___ Data in this exercise ___

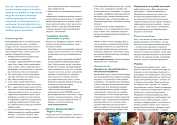 Warunki płacowe oraz zatrudnieniowe obowiązujące na duńskim rynku pracy zwykle są regulowane na gruncie umów zbiorowych zawieranych poprzez związki zawodowe i stowarzyszenia pracodawców. To jest właśnie przyczyna, dla której w Danii nie została ustalona płaca minimalna. Umowa o pracę Musisz zawsze podpisać ze swoim przyszłym pracodawcą umowę o pracę – niezależnie od tego, czy masz zamiar pracować na rzecz duńskiego, czy zagranicznego pracodawcy. Jako wymóg minimalny, umowa o pracę musi zawierać następujące informacje: 1. Nazwę i adres siedziby pracodawcy oraz nazwisko i adres pracownika. 2. Lokalizację miejsca zatrudnienia lub w przypadku braku stałego miejsca wykonywania pracy, miejsce, w którym praca jest wykonywana głównie lub oświadczenie, że pracownik jest zatrudniony w różnych lokalizacjach. 3. Opis wykonywanej pracy lub tytuł pracownika, jego stanowisko lub charakter pracy. 4. Datę nawiązania stosunku pracy. 5. Jeżeli umowa nie jest bezterminowa, przewidywaną długość okresu zatrudnienia. 6. Okres wypowiedzenia stosunku pracy, okres wymówienia ze strony pracodawcy i pracownika oraz wszelkie warunki z tym związane. 7. Uzgodnione wynagrodzenie, premie, płace dodatkowe np. dodatki za pracę nocną lub w niedogodnych godzinach, wynagrodzenie za godziny nadliczbowe itp. Ponadto musi być zawarta informacja dotycząca terminów realizacji wypłat. 8. Prawa pracownika do płatnych urlopów, składek emerytalnych, wszelkiego zakwaterowania i wyżywienia na terenie Danii, zasiłków chorobowych, zwrotu wydatków za użytkowanie samochodu prywatnego do celów służbowych itp. 9. Zwykły dzienny i tygodniowy wymiar godzin pracy. Zawsze należy zachować egzemplarz umowy o pracę/kontraktu zatrudnieniowego. W przypadku jakichkolwiek wątpliwości co do treści umowy o pracę, z pytaniami należy zwrócić się do pracodawcy. Umowa o pracę jest niezwykle ważna, ponieważ precyzuje Twoje prawa i obowiązki związane z zatrudnieniem. Pozwolenie na pracę i zezwolenie na pobyt Sprawdź, czy ubiegając się o pracę w Danii nie będziesz potrzebować pozwolenia na pracę i zezwolenia na pobyt. • Obywatele państw skandynawskich, aby móc podjąć pracę na terenie Danii nie potrzebują ani pozwolenia na pracę, ani zezwolenia na pobyt. • Obywatele państw członkowskich UE/EOG mogą swobodnie podróżować za pracą do Danii. Jeżeli pracujesz w Danii przez okres krótszy niż 3 miesiące, wówczas nie potrzebujesz pozwolenia na pracę oraz zezwolenia na pobyt, lecz musisz uzyskać kartę płatnika podatków. Jeżeli pracujesz w Danii przez okres dłuższy niż 3 miesiące, wówczas przy podejmowaniu pracy musisz uzyskać świadectwo rejestracji. Dalsze informacje są dostępne na stronie internetowej: www.statsforvaltningen.dk • Jeżeli nie jesteś obywatelem jednego z państw członkowskich UE/EOG, wówczas przed podjęciem pracy w Danii musisz złożyć wniosek i uzyskać pozwolenie na pracę oraz zezwolenie na pobyt. Dalsze informacje są dostępne na stronie internetowej: www.newtodenmark.dk. Zdrowie, Bezpieczeństwo i Higiena Pracy Wszyscy pracownicy zatrudnieni w Danii muszą stosować się do postanowień Duńskiej Ustawy o BHP (Danish Working Environment Act). Ustawa ta ma na celu zapobieganie wypadkom przy pracy oraz chorobom zawodowym. Do zakresu obowiązków pracodawcy należy zagwarantowanie bezpiecznych i zdrowych warunków pracy. Na pracodawcy ciąży szereg obowiązków, np. obowiązek zapewnienia pracownikowi instrukcji roboczych. Ty, jako pracownik, musisz współdziałać z pracodawcą na rzecz bezpieczeństwa i higieny pracy. Ponadto, masz obowiązek używać dostarczonych przez pracodawcę indywidualnych środkow ochronnych. Niektóre zawody i funkcje wymagają, abyś Ty i Twój pracodawca uzyskali świadectwo twoich kwalifikacji zawodowych: np. uprawnienia do prowadzenia wózka widłowego, uprawnienia dźwigowego, spawacza, uprawnienia do pracy przy azbeście. Dalsze informacje są dostępne na stronie internetowej: www.arbejdstilsynet.dk (w języku angielskim, polskim litewskim i niemieckim). Ubezpieczenie Ubezpieczenie odpowiedzialności cywilnej/przeciwwypadkowe Na pracodawcy ciąży prawny obowiązek zawarcia umowy ubezpieczenia następstw wypadków przy pracy, która chroni Cię w razie wypadku powstałego w czasie godzin pracy. Upewnij się, że Twój pracodawca dysponuje ważną umową ubezpieczenia. Jeśli potrzebujesz ubezpieczenia odpowiedzialności cywilnej i ubezpieczenia następstw nieszczęśliwych wypadków obowiązującego w czasie wolnym (poza godzinami pracy) powinieneś rozważyć wykupienie prywatnej polisy ubezpieczenia gospodarstwa domowego. Możesz być chroniony umową ubezpieczenia zawartą w kraju ojczystym – jeżeli umową taką nie dysponujesz, wówczas zalecamy ubezpieczenie się na terenie Danii. Ubezpieczenie na wypadek bezrobocia Jeżeli stracisz pracę w Danii, wówczas może przysługiwać Ci zasiłek dla bezrobotnych. W odróżnieniu od wielu innych krajów, ubezpieczenie na wypadek bezrobocia w Danii jest dobrowolne. Polisę ubezpieczeniową na wypadek bezrobocia można wykupić w funduszu ubezpieczenia przeciwko bezrobociu – znanym jako „a-kasse”. Wiele funduszy ubezpieczenia przeciwko bezrobociu jest afiliowanych przy związkach zawodowych. Związki zawodowe Masz prawo wstąpić do związku zawodowego. Związek zawodowy może Ci pomóc na wypadek sporu dotyczącego warunków pracy i płacy – lecz tylko wtedy, gdy jesteś ich członkiem (-nią). Większość osób pracujących w Danii jest członkami związków zawodowych. Istnieje wiele związków zawodowych spośród których możesz wybierać. To, do jakiego związku zawodowego wstąpisz, zależy od charakteru Twojej pracy. Podatki W większości przypadków podatki musisz płacić na terenie Danii, niezależnie od tego, czy pracujesz na rzecz pracodawcy duńskiego, zagranicznego, czy też agencji pracy tymczasowej. Bez
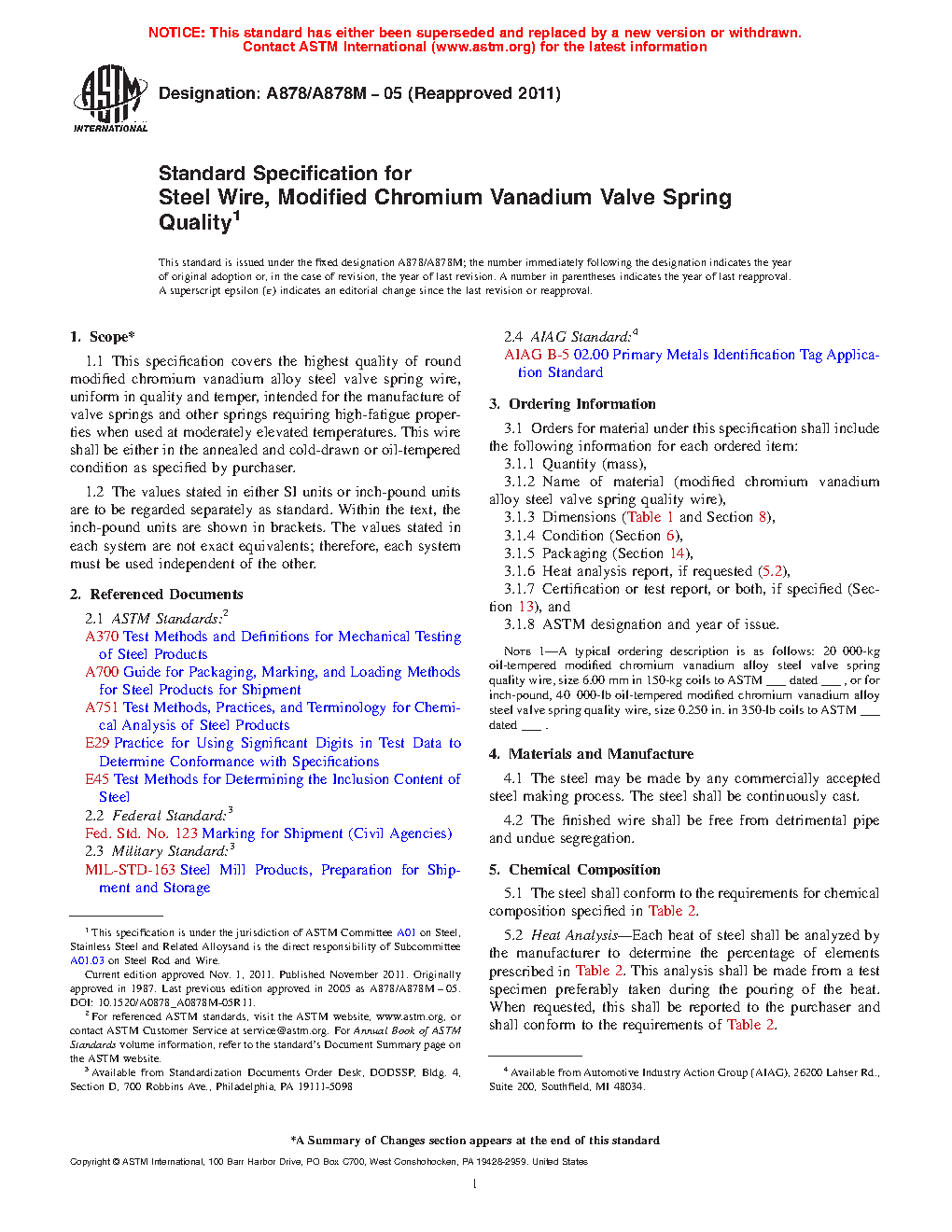 1.1 This specification covers the highest quality of round and shaped modified chromium vanadium alloy steel valve spring wire, uniform in quality and temper, intended for the manufacture of valve springs and other springs requiring high-fatigue properties when used at moderately elevated temperatures. It is similar to the grade VD (referenced in EN 10270-2) intended for high fatigue levels. This wire shall be either in the annealed and cold-drawn or quenched and tempered condition as specified by purchaser.
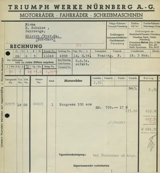 Triumph Werke, Nürnberg Motorrad Kongress 350 Rechnung 1934
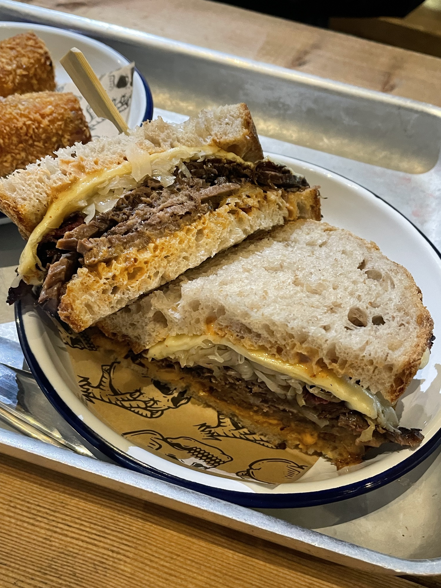 - Reuben Sandwich with fries – packed FULL of meat with sauerkraut, cheese & pickles. A reyt doorstop of a sarnie that was delicious.
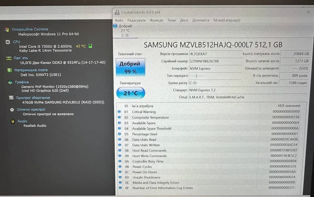 - Графіка: інтегрована Intel HD Graphics 620 (до 1792 МБ з ОЗУ)
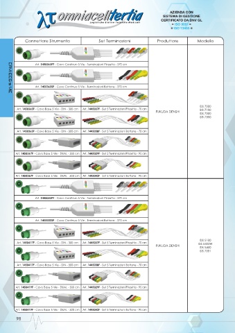 Art. 1450365F - Cavo Base 5 Vie - DIN - 300 cm Art. 1445037F - Set 5 Terminazioni Pinzetta - 70 cm DS 7100
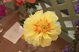 Цветки полумахровые, 15—20 см в диаметре, жёлтые с мягкими красными «вспышками» в центе. Цветки располагаются сбоку и в верхней части куста. Аромат лимонный[1][2][3].
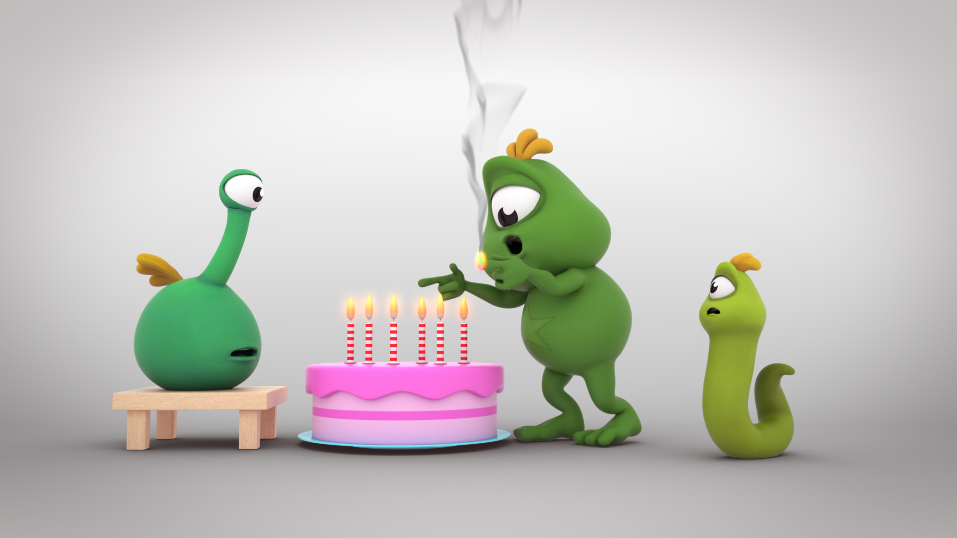 Captain Migol and Drod are singing a song for Popodom´s birthday, but the celebration turns into a disaster when Migol burns his fingers on the candles by accident.
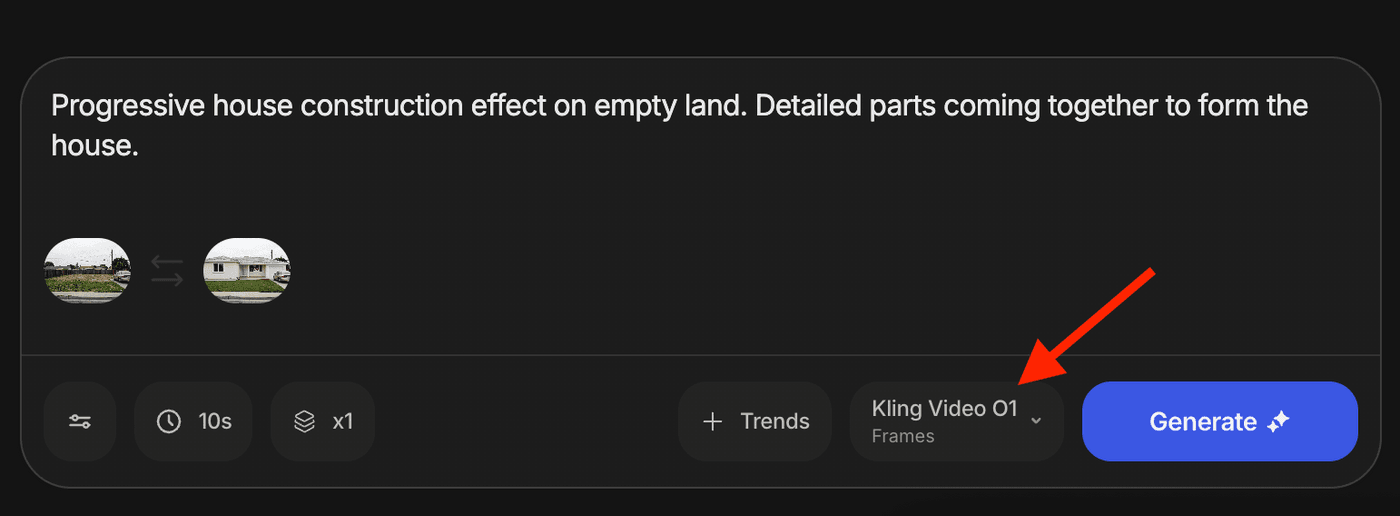 For this guide, upload your empty lot as the start frame and the original house photo as the end frame. Set the video length to 10 seconds to give it enough time to breathe, and use the prompt below.

___

All of the data gets printed again exactly; the pictures do not.

**Result:**
 Warunki płacowe oraz zatrudnieniowe obowiązujące na duńskim rynku pracy zwykle są regulowane na gruncie umów zbiorowych zawieranych poprzez związki zawodowe i stowarzyszenia pracodawców. To jest właśnie przyczyna, dla której w Danii nie została ustalona płaca minimalna. Umowa o pracę Musisz zawsze podpisać ze swoim przyszłym pracodawcą umowę o pracę – niezależnie od tego, czy masz zamiar pracować na rzecz duńskiego, czy zagranicznego pracodawcy. Jako wymóg minimalny, umowa o pracę musi zawierać następujące informacje: 1. Nazwę i adres siedziby pracodawcy oraz nazwisko i adres pracownika. 2. Lokalizację miejsca zatrudnienia lub w przypadku braku stałego miejsca wykonywania pracy, miejsce, w którym praca jest wykonywana głównie lub oświadczenie, że pracownik jest zatrudniony w różnych lokalizacjach. 3. Opis wykonywanej pracy lub tytuł pracownika, jego stanowisko lub charakter pracy. 4. Datę nawiązania stosunku pracy. 5. Jeżeli umowa nie jest bezterminowa, przewidywaną długość okresu zatrudnienia. 6. Okres wypowiedzenia stosunku pracy, okres wymówienia ze strony pracodawcy i pracownika oraz wszelkie warunki z tym związane. 7. Uzgodnione wynagrodzenie, premie, płace dodatkowe np. dodatki za pracę nocną lub w niedogodnych godzinach, wynagrodzenie za godziny nadliczbowe itp. Ponadto musi być zawarta informacja dotycząca terminów realizacji wypłat. 8. Prawa pracownika do płatnych urlopów, składek emerytalnych, wszelkiego zakwaterowania i wyżywienia na terenie Danii, zasiłków chorobowych, zwrotu wydatków za użytkowanie samochodu prywatnego do celów służbowych itp. 9. Zwykły dzienny i tygodniowy wymiar godzin pracy. Zawsze należy zachować egzemplarz umowy o pracę/kontraktu zatrudnieniowego. W przypadku jakichkolwiek wątpliwości co do treści umowy o pracę, z pytaniami należy zwrócić się do pracodawcy. Umowa o pracę jest niezwykle ważna, ponieważ precyzuje Twoje prawa i obowiązki związane z zatrudnieniem. Pozwolenie na pracę i zezwolenie na pobyt Sprawdź, czy ubiegając się o pracę w Danii nie będziesz potrzebować pozwolenia na pracę i zezwolenia na pobyt. • Obywatele państw skandynawskich, aby móc podjąć pracę na terenie Danii nie potrzebują ani pozwolenia na pracę, ani zezwolenia na pobyt. • Obywatele państw członkowskich UE/EOG mogą swobodnie podróżować za pracą do Danii. Jeżeli pracujesz w Danii przez okres krótszy niż 3 miesiące, wówczas nie potrzebujesz pozwolenia na pracę oraz zezwolenia na pobyt, lecz musisz uzyskać kartę płatnika podatków. Jeżeli pracujesz w Danii przez okres dłuższy niż 3 miesiące, wówczas przy podejmowaniu pracy musisz uzyskać świadectwo rejestracji. Dalsze informacje są dostępne na stronie internetowej: www.statsforvaltningen.dk • Jeżeli nie jesteś obywatelem jednego z państw członkowskich UE/EOG, wówczas przed podjęciem pracy w Danii musisz złożyć wniosek i uzyskać pozwolenie na pracę oraz zezwolenie na pobyt. Dalsze informacje są dostępne na stronie internetowej: www.newtodenmark.dk. Zdrowie, Bezpieczeństwo i Higiena Pracy Wszyscy pracownicy zatrudnieni w Danii muszą stosować się do postanowień Duńskiej Ustawy o BHP (Danish Working Environment Act). Ustawa ta ma na celu zapobieganie wypadkom przy pracy oraz chorobom zawodowym. Do zakresu obowiązków pracodawcy należy zagwarantowanie bezpiecznych i zdrowych warunków pracy. Na pracodawcy ciąży szereg obowiązków, np. obowiązek zapewnienia pracownikowi instrukcji roboczych. Ty, jako pracownik, musisz współdziałać z pracodawcą na rzecz bezpieczeństwa i higieny pracy. Ponadto, masz obowiązek używać dostarczonych przez pracodawcę indywidualnych środkow ochronnych. Niektóre zawody i funkcje wymagają, abyś Ty i Twój pracodawca uzyskali świadectwo twoich kwalifikacji zawodowych: np. uprawnienia do prowadzenia wózka widłowego, uprawnienia dźwigowego, spawacza, uprawnienia do pracy przy azbeście. Dalsze informacje są dostępne na stronie internetowej: www.arbejdstilsynet.dk (w języku angielskim, polskim litewskim i niemieckim). Ubezpieczenie Ubezpieczenie odpowiedzialności cywilnej/przeciwwypadkowe Na pracodawcy ciąży prawny obowiązek zawarcia umowy ubezpieczenia następstw wypadków przy pracy, która chroni Cię w razie wypadku powstałego w czasie godzin pracy. Upewnij się, że Twój pracodawca dysponuje ważną umową ubezpieczenia. Jeśli potrzebujesz ubezpieczenia odpowiedzialności cywilnej i ubezpieczenia następstw nieszczęśliwych wypadków obowiązującego w czasie wolnym (poza godzinami pracy) powinieneś rozważyć wykupienie prywatnej polisy ubezpieczenia gospodarstwa domowego. Możesz być chroniony umową ubezpieczenia zawartą w kraju ojczystym – jeżeli umową taką nie dysponujesz, wówczas zalecamy ubezpieczenie się na terenie Danii. Ubezpieczenie na wypadek bezrobocia Jeżeli stracisz pracę w Danii, wówczas może przysługiwać Ci zasiłek dla bezrobotnych. W odróżnieniu od wielu innych krajów, ubezpieczenie na wypadek bezrobocia w Danii jest dobrowolne. Polisę ubezpieczeniową na wypadek bezrobocia można wykupić w funduszu ubezpieczenia przeciwko bezrobociu – znanym jako „a-kasse”. Wiele funduszy ubezpieczenia przeciwko bezrobociu jest afiliowanych przy związkach zawodowych. Związki zawodowe Masz prawo wstąpić do związku zawodowego. Związek zawodowy może Ci pomóc na wypadek sporu dotyczącego warunków pracy i płacy – lecz tylko wtedy, gdy jesteś ich członkiem (-nią). Większość osób pracujących w Danii jest członkami związków zawodowych. Istnieje wiele związków zawodowych spośród których możesz wybierać. To, do jakiego związku zawodowego wstąpisz, zależy od charakteru Twojej pracy. Podatki W większości przypadków podatki musisz płacić na terenie Danii, niezależnie od tego, czy pracujesz na rzecz pracodawcy duńskiego, zagranicznego, czy też agencji pracy tymczasowej. Bez
 1.1 This specification covers the highest quality of round and shaped modified chromium vanadium alloy steel valve spring wire, uniform in quality and temper, intended for the manufacture of valve springs and other springs requiring high-fatigue properties when used at moderately elevated temperatures. It is similar to the grade VD (referenced in EN 10270-2) intended for high fatigue levels. This wire shall be either in the annealed and cold-drawn or quenched and tempered condition as specified by purchaser.
 Triumph Werke, Nürnberg Motorrad Kongress 350 Rechnung 1934
 - Reuben Sandwich with fries – packed FULL of meat with sauerkraut, cheese & pickles. A reyt doorstop of a sarnie that was delicious.
 - Графіка: інтегрована Intel HD Graphics 620 (до 1792 МБ з ОЗУ)
 Art. 1450365F - Cavo Base 5 Vie - DIN - 300 cm Art. 1445037F - Set 5 Terminazioni Pinzetta - 70 cm DS 7100
 Цветки полумахровые, 15—20 см в диаметре, жёлтые с мягкими красными «вспышками» в центе. Цветки располагаются сбоку и в верхней части куста. Аромат лимонный[1][2][3].
 Captain Migol and Drod are singing a song for Popodom´s birthday, but the celebration turns into a disaster when Migol burns his fingers on the candles by accident.
 For this guide, upload your empty lot as the start frame and the original house photo as the end frame. Set the video length to 10 seconds to give it enough time to breathe, and use the prompt below.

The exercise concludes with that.